Der Auftragseingang im Maschinenbau in Deutschland hat das Jahr 2016 mit einem schwachen Monat beendet: Für den Dezember ergibt sich insgesamt ein Minus der Bestellungen von real 15 Prozent. (Bildquelle: VDMA)

Der Auftragseingang im Maschinenbau in Deutschland hat das Jahr 2016 mit einem schwachen Monat beendet: Für den Dezember ergibt sich insgesamt ein Minus der Bestellungen von real 15 Prozent. (Bildquelle: VDMA)
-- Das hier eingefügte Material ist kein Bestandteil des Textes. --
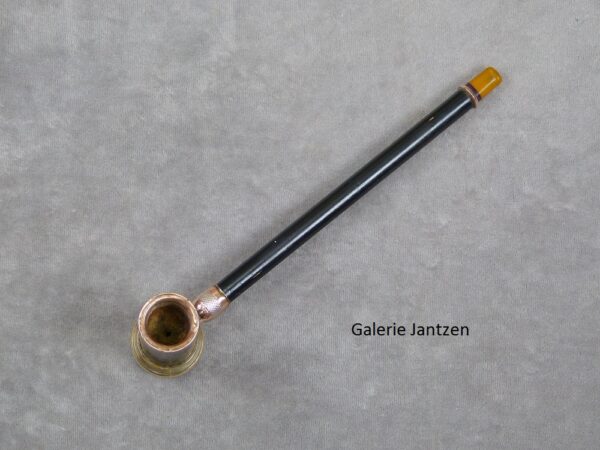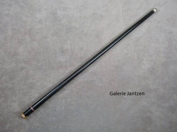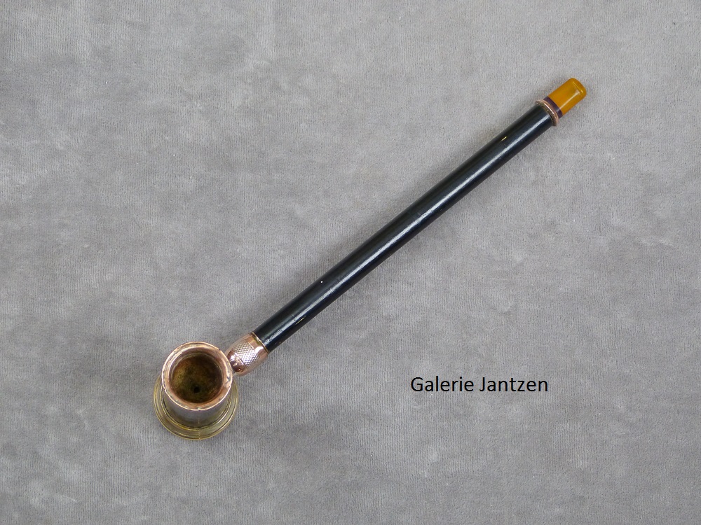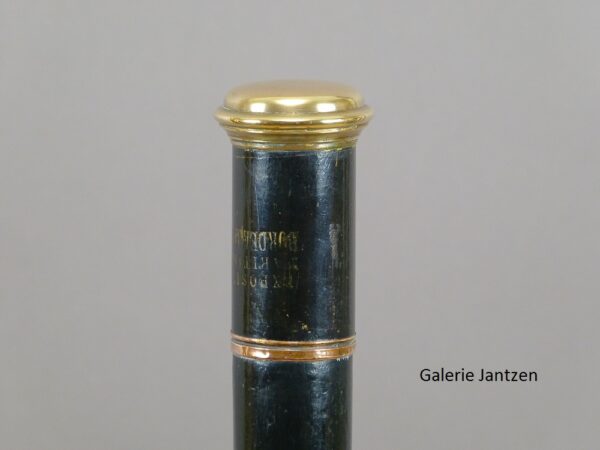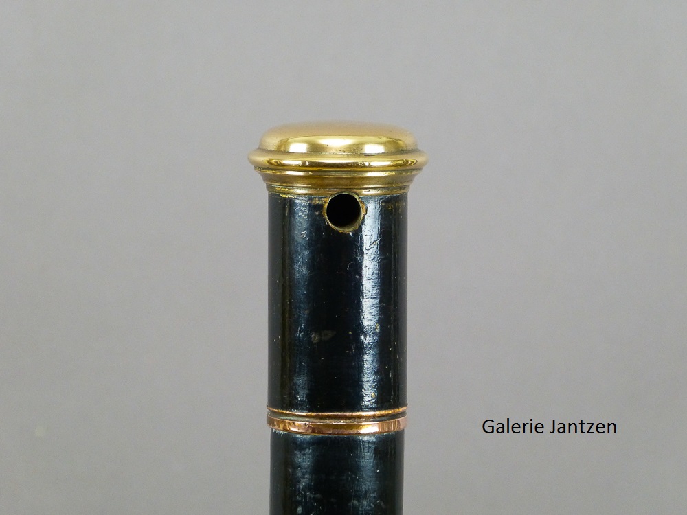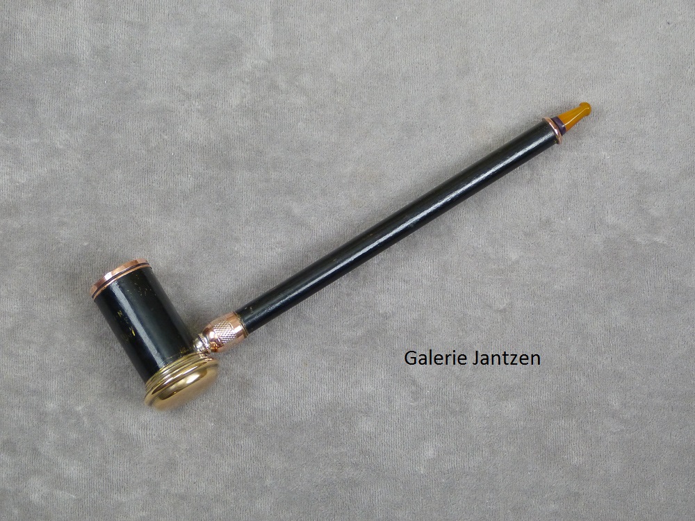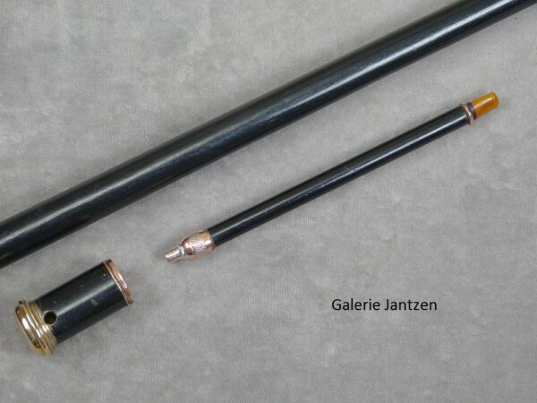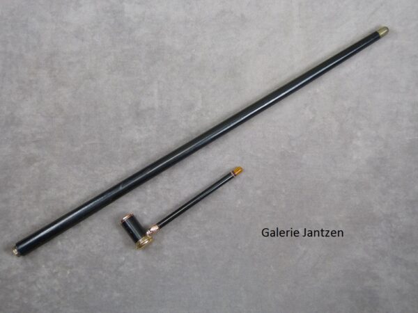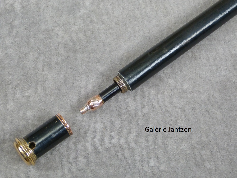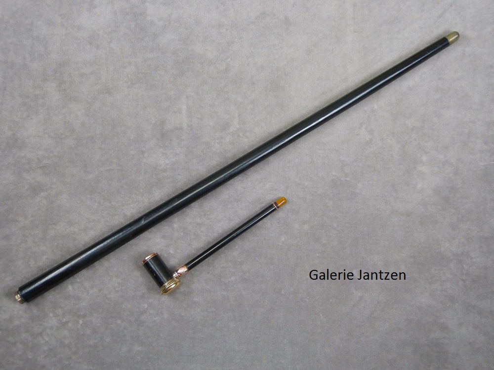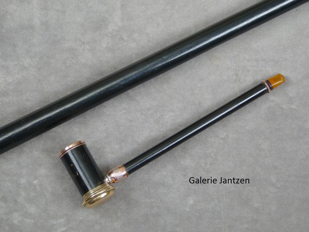 L’intérieur du fût de la canne contient un embout dont la partie en métal vient se fixer dans un trou situé sur le haut du pommeau en bois une fois dévissé. L’ensemble ainsi assemblé forme une pipe.

Wesentlicher Grund dafür war das starke Großanlagengeschäft im Vorjahresmonat. „Im Gesamtjahr 2016 verbuchte der Maschinenbau damit ein Minus der Auftragseingänge von real 2 Prozent“, erläutert VDMA-Chefvolkswirt Dr. Ralph Wiechers. Er geht davon aus, dass politische Unsicherheiten ebenso dafür verantwortlich waren.

Vor allem Auslandsbestellungen rückläufig

Im Dezember zogen die Bestellungen im Inland an und erreichten ein Plus von 7 Prozent. Dieser konnte den Rückgang im Ausland um 22 Prozent jedoch nicht kompensieren. „Anders als im Vorjahr blieb der Jahresendspurt bei den Bestellungen aus. Die Maschinenbaukonjunktur erweist sich damit weiter als robust – nicht mehr, aber auch nicht weniger“, resümiert Wiechers.

Im Drei-Monats-Vergleich (Oktober bis Dezember) sank der Auftragseingang zum Vorjahr um real 8 Prozent. Auch hier verbuchte das Inland einen Zuwachs der Bestellungen (plus 4 Prozent), während die Auslandsorders um 12 Prozent sanken.

Nichts desto trotz ist der Maschinenbau weltweit in einem mehr als guten Zustand: Im Jahr 2015 stieg der globale Maschinenumsatz (ohne Serviceleistungen) um nominal 10 Prozent auf ein neues Rekordniveau von 2.570 Mrd. EUR.